Introduction & Problem Statement

I’ve spent countless hours digging through lengthy PDF manuals just to answer simple policy questions—“How many sick days do I have?” or “What’s our remote work allowance?” In a fast‑moving corporate environment, that’s time I can't afford to lose.

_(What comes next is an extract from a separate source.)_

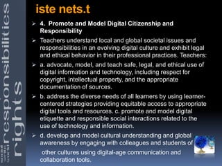 Teachers have a responsibility to promote digital citizenship and model appropriate behavior online. This includes advocating for safe, legal, and ethical technology use; providing equitable access to digital tools and resources; promoting digital etiquette; and developing global awareness through online collaboration. As more people interact in virtual spaces, issues of rights, responsibilities, and governance become increasingly important. While censorship and abuse are problems online, establishing clear rules of digital citizenship could help balance individual rights and the needs of the broader community in the digital world.

My goal was to build an AI assistant that:

- **Understands** our policy documents

- **Retrieves** only the most relevant passages

- **Generates** concise, structured answers with clear citations

In this post, I’ll walk you through how I built, evaluated, and fine‑tuned my **Corporate Document Navigator**—a Kaggle notebook that anyone in our organisation can run to get instant, accurate answers.

# Corporate PDF Document Navigator: A Step‑by‑Step Guide

Follow these steps to build your own AI‑powered policy Q&A assistant in a Kaggle Notebook, using Google’s Generative AI API, FAISS for semantic search, and an LLM‑based evaluator.

---

## Prerequisites

1. **Kaggle account** with access to create and run Notebooks.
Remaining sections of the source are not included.